Michoacan's violent summer began as federal police and the army targeted La Familia Michoacana in new ways, including corrupt officials who protect traffickers.
"Calderon went after politicians," Grayson said. "So far, they have been intocables " -- untouchables.
In May, authorities arrested 11 mayors across Michoacan for alleged complicity with criminal elements, including La Familia. Another 17 municipal officials, including several area police and security chiefs, also were arrested.
The mayors who were arrested represented all three of Mexico's major political parties, according to data gathered by Grayson for an upcoming book on narco-violence in Mexico.
"That was the big hit. It was unprecedented," Grayson said.
Police are also searching for two politicians who are in hiding, and who are accused of belonging to La Familia. Saul Solis Solis, alias "El Lince," lost a bid for a congressional seat this month and is the cousin of a cartel leader, officials say. The other fugitive politician, Julio Cesar Godoy Toscano, was elected in June to the lower house of congress. He is also the half-brother of Michoacan's governor.
Political enablers of two other of the most powerful drug trafficking organizations in Mexico, the Gulf cartel and Sinaloa cartel, have not been hit in the same way, Grayson said.

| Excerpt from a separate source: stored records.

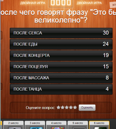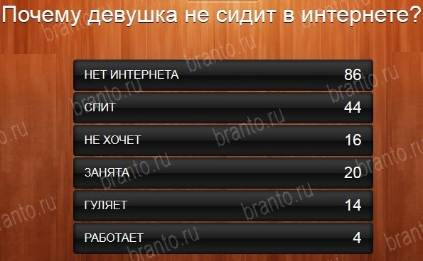 Продолжаем публиковать ответы к игре 100 к 1, которая набирает обороты популярности в социальных сетях. Смысл сто к одному прост: игроку предлагается ответить на вопросы к игре 100 к 1 и получить призовые очки. Против вас будут бороться игроки со всего мира!Победить достаточно сложно, ведь вам необходимо не просто ответить, но и угадать популярные 100 к 1 ответы. Хотите играть в 100 к 1, победить и стать лучшим в рейтинге?Удача в ваших руках, вам необходимо только зайти на наш сайт и найти все 100 к 1 почему и 100 к 1 где. Играйте в свое удовольствие! Если вы не нашли нужные вам подсказки, загляните в главный пост. Там вы сможете найти ссылки на другие подобные материалы, содержащие сто к одному ответы.100 к 1 ответы на вопрос: Где лучше всего искать жениха?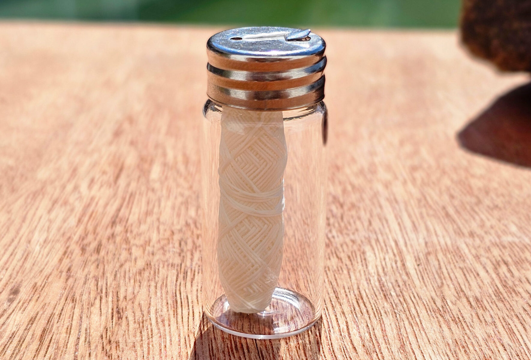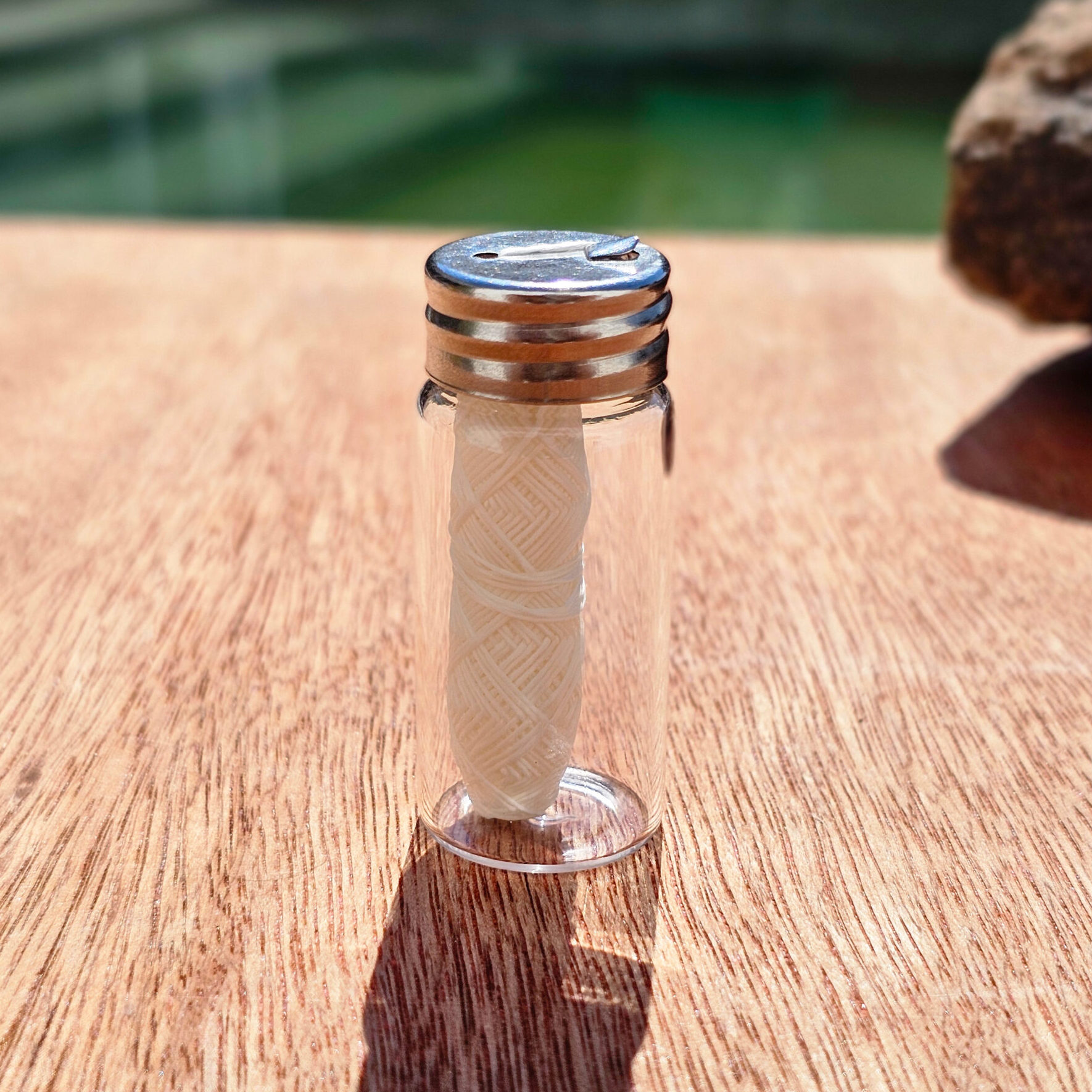 Frasco de vidrio resistente y elegante para almacenar hilo dental. Ideal para una rutina sin residuos y visualmente limpio + Hilo dental ecológico elaborado con fibra de bambú. Suave, resistente y libre de plásticos, ideal para el cuidado bucal diario.
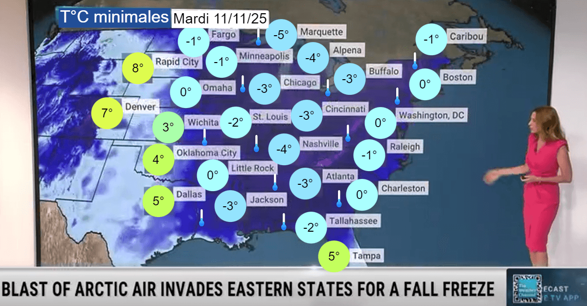 Comme nous ne sommes qu'en première partie du mois de novembre, il n'est pas prévu de froid très intense. Pour autant, les températures vont s'abaisser à des niveaux dignes du plein hiver avec des gelées qui devraient concerner près des deux tiers des USA en début de semaine prochaine ! La chaîne météo américaine indique que plus de 150 millions d'américains vont connaître des températures négatives ! En matinée du mardi 11 novembre 2025, il devrait geler jusqu'au nord de la Floride et on relèvera -3 à -5°C dans de nombreuses grandes villes du nord et de l'est des USA !

Authorities followed up with the arrests of a top La Familia leaders, Arnoldo "La Minsa" Rueda Medina in July. Earlier in the year, another top echelon leader, Rafael "El Cede" Cedeno Hernandez was apprehended.
More than 30 federal police officers were killed in reprisal attacks, including 12 officers whose tortured bodies were dumped in a pile on the side of a highway on July 13.
After the slayings, Gomez, the leader of La Familia, spoke on the radio, telling Calderon that his cartel was not against the government, but only against the federal police, which he blamed for falsely accusing citizens of crimes.
"The radio address was a challenge to the authorities," Reyes said. "They had to respond."
Mexican newspapers are regularly running headlines about the arrests of additional La Familia leaders. Authorities went as far as temporarily detaining Gomez's mother and brother for questioning.
The cartel's overseer of the important port city of Lazaro Cardenas, Marcos Arturo Juarez Cruz, known as "El Chamuco," was arrested last week.
A federal police chief last month said that La Familia Michoacana has been seriously weakened by the arrests of its leaders and seizures of cash.
But the unconventional cartel continues to fight back.
A taxi driver who claimed he was kidnapped along with his passenger in September by the La Familia Michoacana said the he witnessed how the cartel wrote and rehearsed a script for one of the captives to read into a video camera, according to a federal police press release.
The production was supposed to be a fake interrogation where the captive would claim to worked as a courier for a rival cartel, the statement said.
He was supposed to say that he was delivering money to Genaro Garcia Luna, the cabinet member who oversees the federal police.